• Task brief:
Your transcription must include every record word for word and no pictures.

----

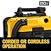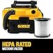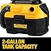 - DEWALT shop vac features cordless or corded operation powered by either an 18V or 20V MAX* battery - or an AC outlet, HEPA rated wet/dry filter of DEWALT 20V vacuum traps dust with 99.97% efficiency at 0.3 microns, DEWALT cordless vacuum has easily accessible, washable/reusable filter; tap or water rinse to clean, Heavy-duty, crush-resistant, fully-integrated 5 ft. (by 1-1/4-inch diameter) hose provides durability, flexibility and ease-of-use, On-board hose, cord and accessory storage makes the vacuum easy to carry/transport, 2-Gallon tank capacity provides enough storage to empty a toilet or clogged pipe, 31 CFM
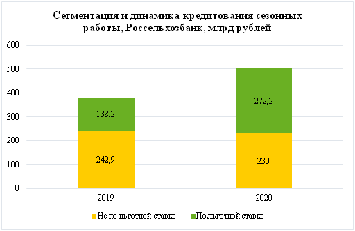 В 2020 году банк предоставил заемщикам АПК 7 126 кредитов на сезонные работы, что почти на 10% превышает показатель предыдущего периода. Более половины средств предоставлены по льготной ставке. Их доля в структуре выдач увеличилась с 36% в 2019 году до 54% в 2020 году.
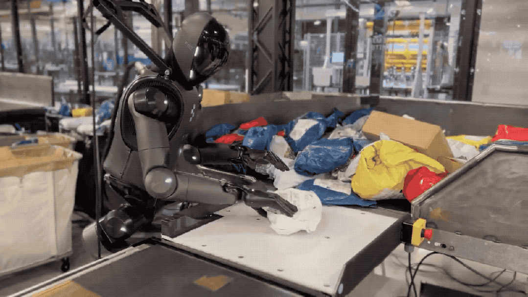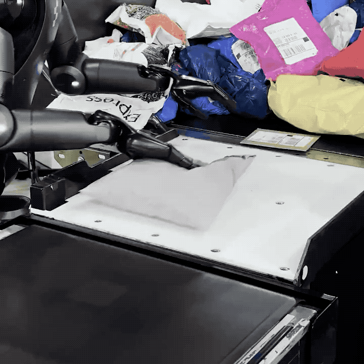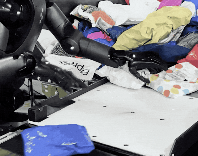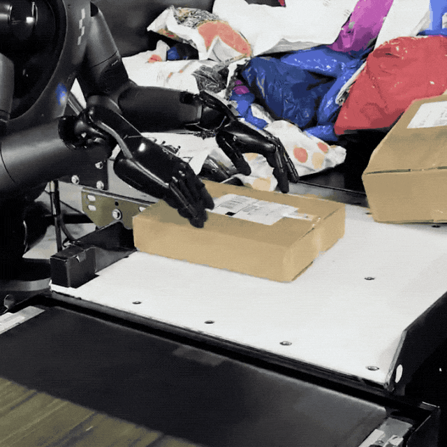 针对不同形态包裹,Helix采取即时调整抓取策略解决,例如碰到纸盒就双手上下一翻,碰到信封则一只手扶住,另一只手轻轻捏住边缘翻转。
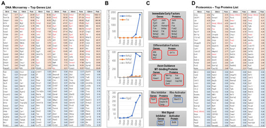 Top 20 genes and proteins whose expressions were altered by PACAP in the PC12 cells. (A) List of the top 20 genes whose expression was altered by DNA microarray analysis at 5, 10, 15, 30, 60, and 120 min after the addition of PACAP. (B) Expression changes of Inhba, Fst, NR4A1,2,3, and Rgs2 genes. Gene expression levels (ProcessedSignal) on the vertical axis are expressed as Fold (PACAP treatment/Control) values. (C) Top 20 genes and proteins with altered expression by PACAP, categorized as Initial Early Factors, Differentiation factors, Axon guidance, MT-binding proteins, Rho inhibitor, and genes and proteins categorized as Initial Early Factors are shown in red (up-regulated) and blue (down-regulated) boxes. (D) List of the top 20 proteins with altered expression obtained by TMT-LC-MS/MS analysis at 15, 30, 60, and 120 min after addition of PACAP.
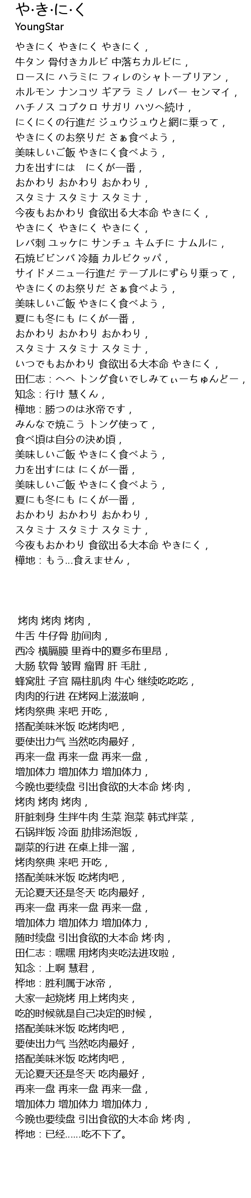 | [00:52.76] | やきにくのお祭りだ さぁ食べよう, |
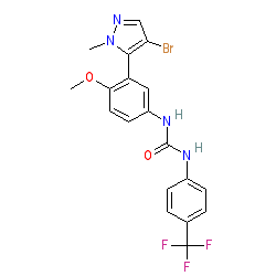 | SMILES | COc1ccc(NC(=O)Nc2ccc(C(F)(F)F)cc2)cc1-c1c(Br)cnn1C |
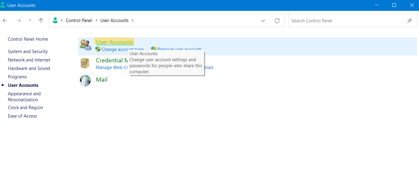 1.I første omgang, åbenKontrolpanelog vælgBrugerkonti.
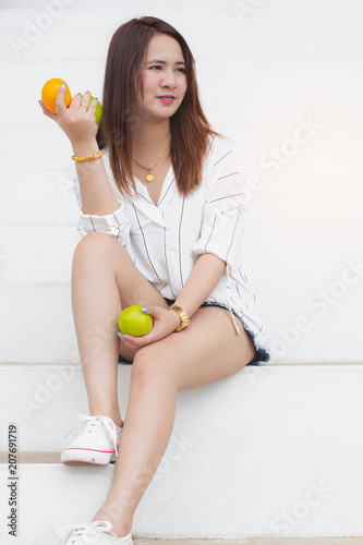 Beautiful Asia Teen Girl Holding Vegetables And Fruits Posing Make Gestures With Fun And Happy Buy This Stock Photo And Explore Similar Images At Adobe Stock Adobe Stock
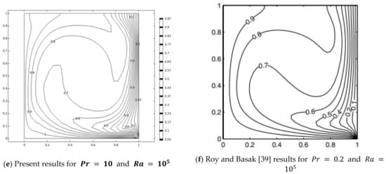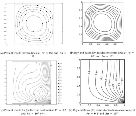 The credibility of currently conducted computations is assured by comparing with the work published by Roy and Basak []. For agreement of the present simulations, restriction of physical parameters is made where . Graphical results for velocity stream lines and isothermal contours against Prandtl number and Rayleigh number are sketched. From graphical structures total agreement is accomplished. In addition, tabular values of average Nusselt number against (n) are compared with previous work published by Khezzar et al. [] and Sojoudi et al. []. From the data it is also depicted that the average Nusselt number magnitudes are in complete agreement with each other.
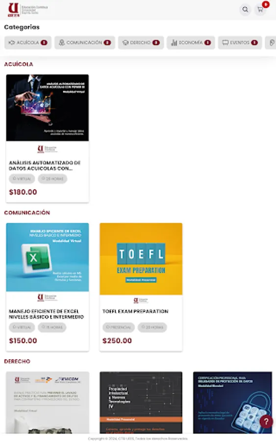 UEESCART allows you to purchase continuing education courses and events easily, without needing to log in. Add the courses or events to the cart, adjust the number of participants, complete the required information and make your payment securely. After successful purchase, you and registered participants will receive email confirmations. In case of problems with your purchase or if you do not receive confirmation emails, you can contact support through our contact channels for help.

----

• Answer box:
 - DEWALT shop vac features cordless or corded operation powered by either an 18V or 20V MAX* battery - or an AC outlet, HEPA rated wet/dry filter of DEWALT 20V vacuum traps dust with 99.97% efficiency at 0.3 microns, DEWALT cordless vacuum has easily accessible, washable/reusable filter; tap or water rinse to clean, Heavy-duty, crush-resistant, fully-integrated 5 ft. (by 1-1/4-inch diameter) hose provides durability, flexibility and ease-of-use, On-board hose, cord and accessory storage makes the vacuum easy to carry/transport, 2-Gallon tank capacity provides enough storage to empty a toilet or clogged pipe, 31 CFM
 В 2020 году банк предоставил заемщикам АПК 7 126 кредитов на сезонные работы, что почти на 10% превышает показатель предыдущего периода. Более половины средств предоставлены по льготной ставке. Их доля в структуре выдач увеличилась с 36% в 2019 году до 54% в 2020 году.
 针对不同形态包裹,Helix采取即时调整抓取策略解决,例如碰到纸盒就双手上下一翻,碰到信封则一只手扶住,另一只手轻轻捏住边缘翻转。
 Top 20 genes and proteins whose expressions were altered by PACAP in the PC12 cells. (A) List of the top 20 genes whose expression was altered by DNA microarray analysis at 5, 10, 15, 30, 60, and 120 min after the addition of PACAP. (B) Expression changes of Inhba, Fst, NR4A1,2,3, and Rgs2 genes. Gene expression levels (ProcessedSignal) on the vertical axis are expressed as Fold (PACAP treatment/Control) values. (C) Top 20 genes and proteins with altered expression by PACAP, categorized as Initial Early Factors, Differentiation factors, Axon guidance, MT-binding proteins, Rho inhibitor, and genes and proteins categorized as Initial Early Factors are shown in red (up-regulated) and blue (down-regulated) boxes. (D) List of the top 20 proteins with altered expression obtained by TMT-LC-MS/MS analysis at 15, 30, 60, and 120 min after addition of PACAP.
 | [00:52.76] | やきにくのお祭りだ さぁ食べよう, |
 | SMILES | COc1ccc(NC(=O)Nc2ccc(C(F)(F)F)cc2)cc1-c1c(Br)cnn1C |
 1.I første omgang, åbenKontrolpanelog vælgBrugerkonti.
 Beautiful Asia Teen Girl Holding Vegetables And Fruits Posing Make Gestures With Fun And Happy Buy This Stock Photo And Explore Similar Images At Adobe Stock Adobe Stock
 The credibility of currently conducted computations is assured by comparing with the work published by Roy and Basak []. For agreement of the present simulations, restriction of physical parameters is made where . Graphical results for velocity stream lines and isothermal contours against Prandtl number and Rayleigh number are sketched. From graphical structures total agreement is accomplished. In addition, tabular values of average Nusselt number against (n) are compared with previous work published by Khezzar et al. [] and Sojoudi et al. []. From the data it is also depicted that the average Nusselt number magnitudes are in complete agreement with each other.
 UEESCART allows you to purchase continuing education courses and events easily, without needing to log in. Add the courses or events to the cart, adjust the number of participants, complete the required information and make your payment securely. After successful purchase, you and registered participants will receive email confirmations. In case of problems with your purchase or if you do not receive confirmation emails, you can contact support through our contact channels for help.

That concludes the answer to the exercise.